Why British Airways First Class is the World’s Second Best Business Class

Six or seven years ago Lucky from One Mile at a Time and I debated whether British Airways first class was ‘the world’s best business class.’ At the time I still felt like BA’s first offered something approximating a first class product, even if it wasn’t one of the better or flashier ones.

Now that same product, which BA is still flying, doesn’t even qualify as the best business class out there. It seems to me that Qatar Airways business class QSuites are better, and possibly even EVA Air’s business class as well.

British Airways First Class Cabin

I took two British Airways first class flights over the past week and it struck me just how much closer to a solid business class the whole experience is. The airline does have a roadmap to improve the product, likely with fewer first class seats and unstated upgrades. They haven’t promised a better seat.

  • In part that’s a function of how much better competitors have gotten with the best business class offerings.

  • While British Airways has stood still. Just as they once offered arguably the best business class in the world, they were an early pioneer of lie flat seating, and they now lag all but carriers still flying with angled seats in business.

  • Hard product: The cabin is still attractive, with the lighting and in particular the lamps at each seat, a feature United copied with their new Polaris business class seat. The seats are perfectly comfortable, both for sitting and sleeping, and the bedding is fine. Of course there are no doors (something that’s become almost de rigueur in first class but that Cathay Pacific does exceptionally well without) but most of all the footprint of each seat is much smaller than you’d expect from first class. There are a lot of seats squeezed into the space.

    I do find the bed perfectly comfortable for sleeping. It’s not a double bed, there’s not a ton of privacy, but I can stretch out and get comfortable.

  • Catering: The food was fine, though unspectacular. There aren’t any premium touches that mark a first class product, so catering struck me as a solid business class offering. It isn’t super customizable.
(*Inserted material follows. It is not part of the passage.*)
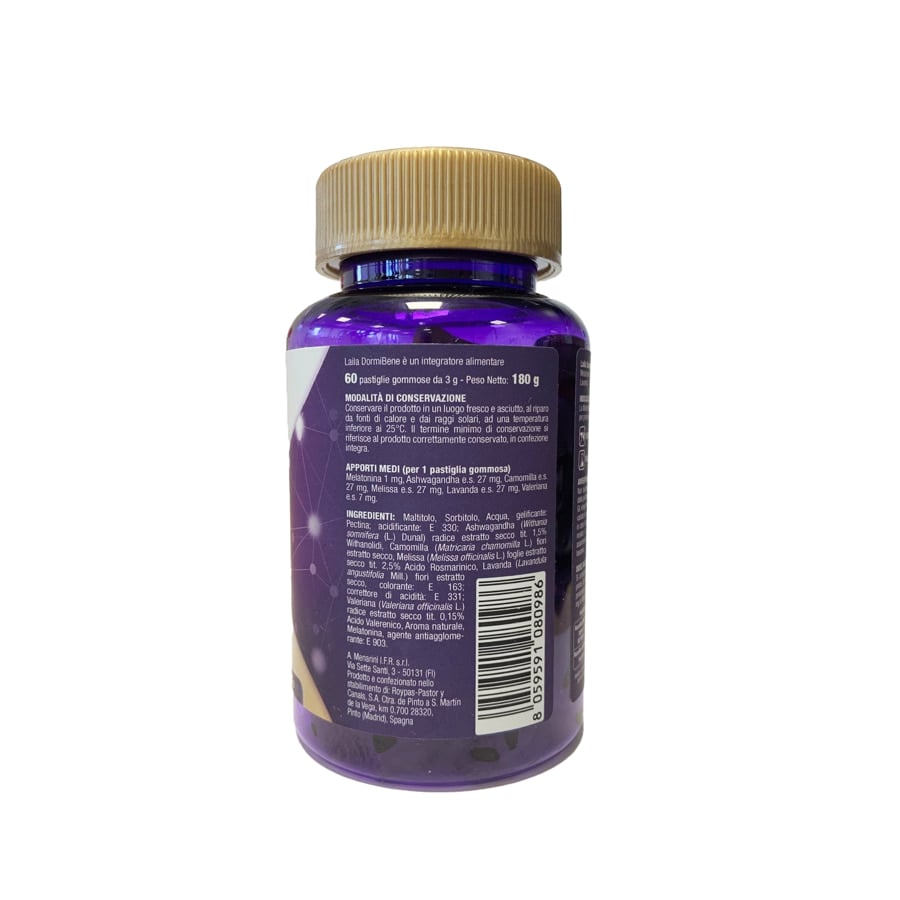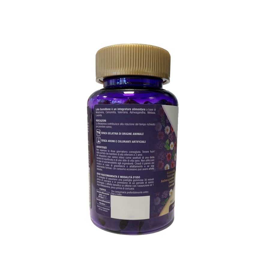 Laila Dormibene è un integratore alimentare a base di melatonina, camomilla, valeriana, melissa, lavanda e ashwagandha utile per favorire il rapido addormentamento.
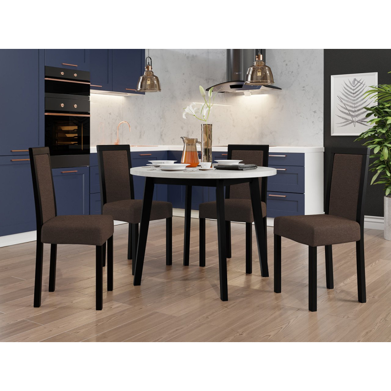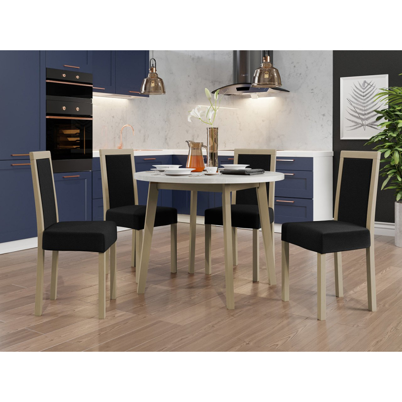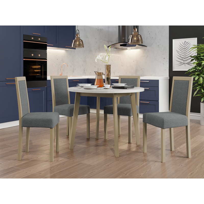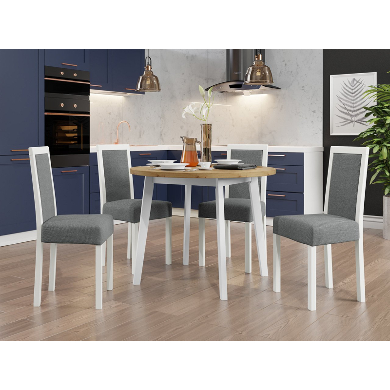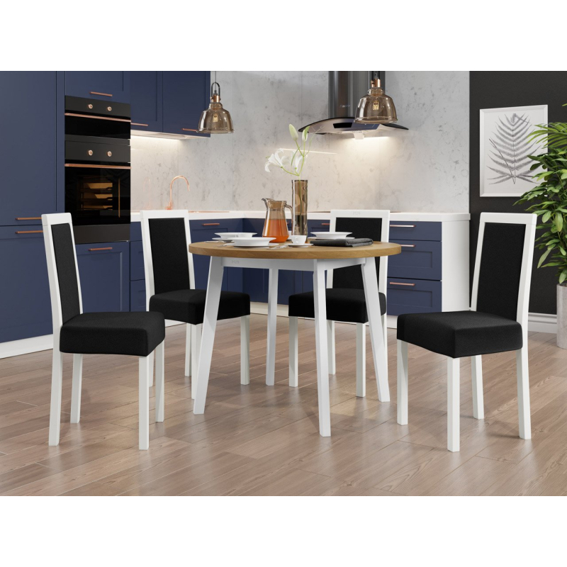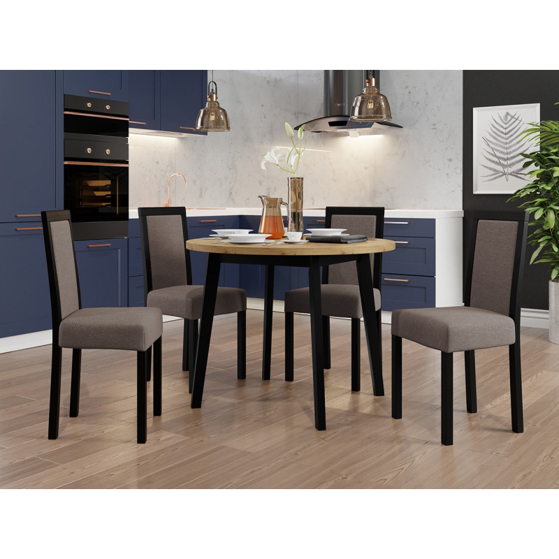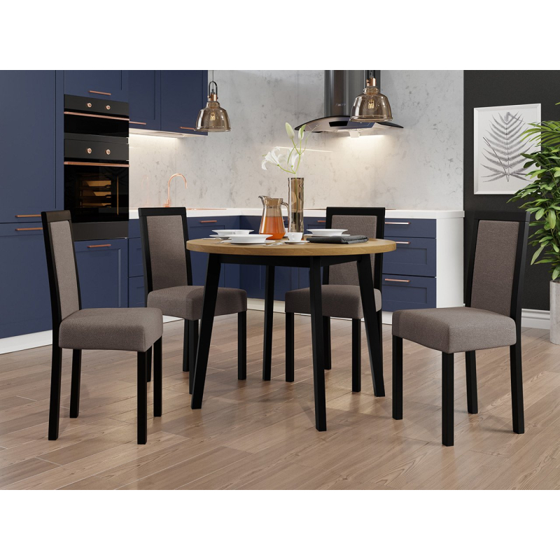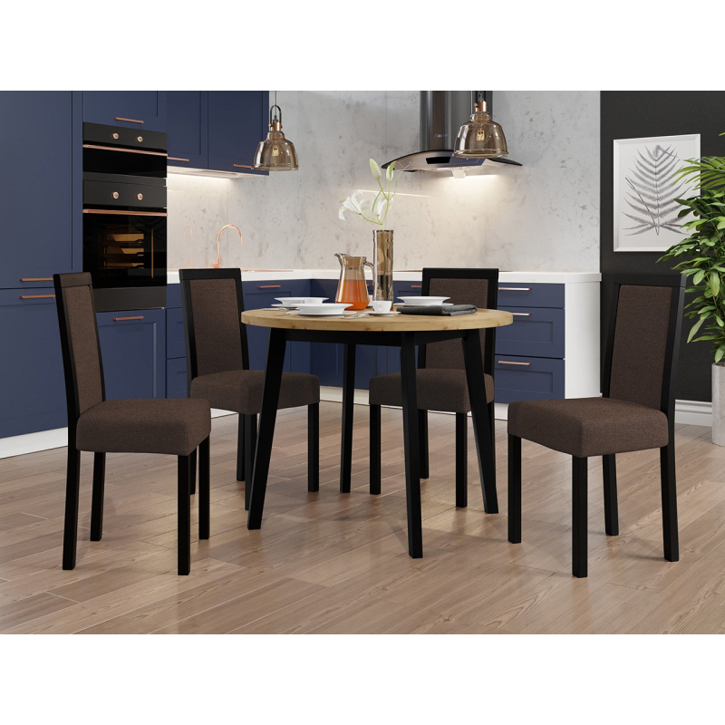 Náš krásný kulatý stůl se čtyřmi elegantními židlemi je ideální volbou pro vaši jídelnu nebo obývací pokoj. Dodá vašemu prostoru jedinečné kouzlo a vytvoří dokonalé místo pro setkání a společné stolování.

While they’re willing to serve you your meal whenever you’d like, there aren’t significant midflight snack offerings and don’t necessarily expect the full menu to be available throughout the flight (eg eat the first service meal as your second service, unless you’ve asked crew in advance to set something aside for you). In other words meal service is functional if a bit assembly line.

    Deconstructed chicken pot pie dinner

    Ice cream frozen solid

    Nuts were offered to start inflight service, but on our outbound Austin – London Heathrow flight they ran out of nuts and there weren’t enough to offer to all six passengers in the 14 passenger cabin. They didn’t have any for my wife. They explained that the nuts are catered out of London “and they must have used too many on the first flight.” I suggested they bring some nuts from business class and they did. (This was something I had to suggest, the crew wasn’t really proactive or problem-solving.)
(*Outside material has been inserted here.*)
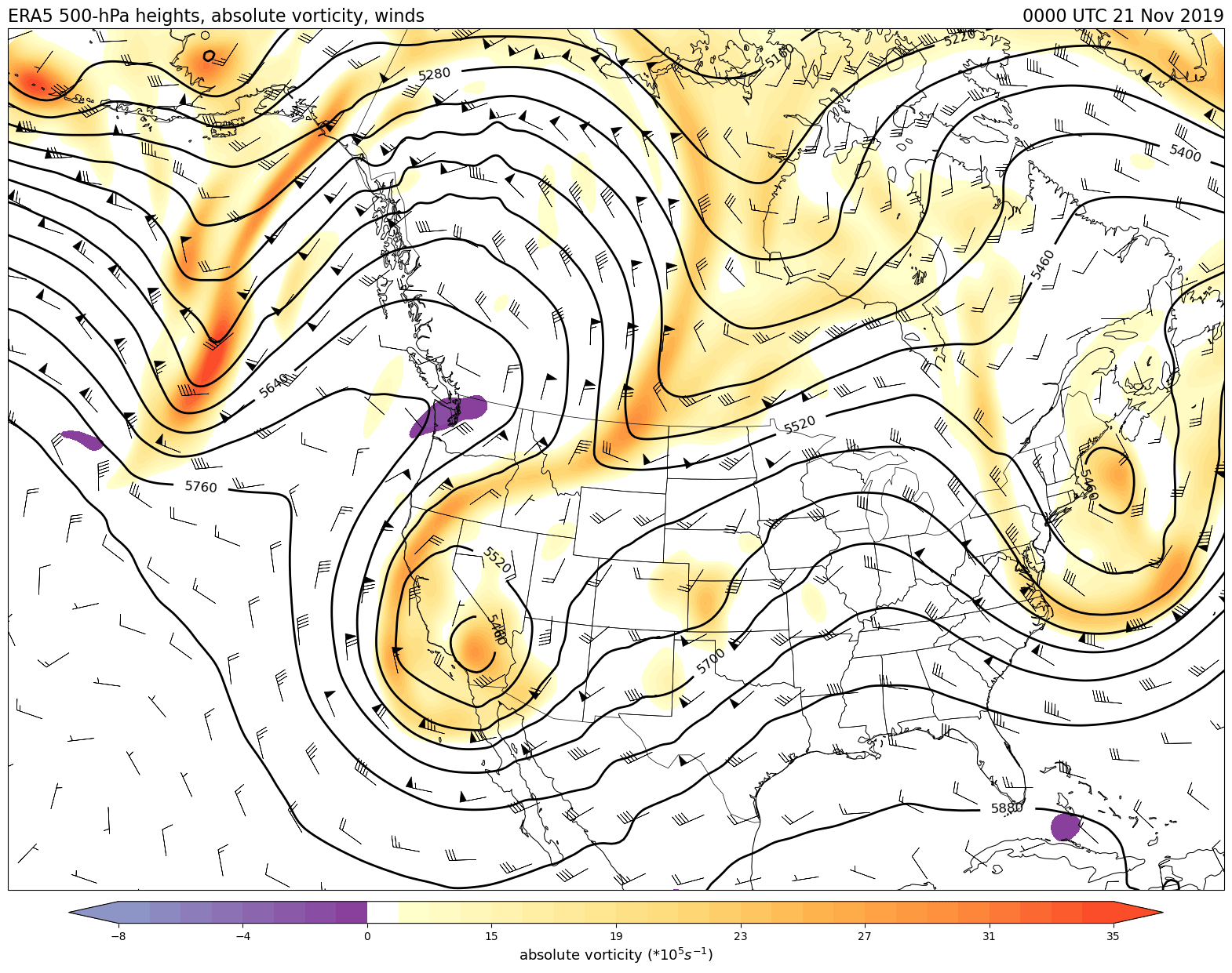 Data obtained from the ECWMF Climate Data Store and plotted using tools from the Unidata Python training gallery.

    Flight attendant walked away before I could clarify I wanted my Johnny Walker Blue neat, they brought it with ice.

  • Amenities: You get a wash bag and pajamas, slippers were available in both directions on request. The kit was acceptable and would have been very nice for business class.

  • Lavatories: Lavatories aren’t upgraded in any meaningful way. They’re just as small for first class as for coach.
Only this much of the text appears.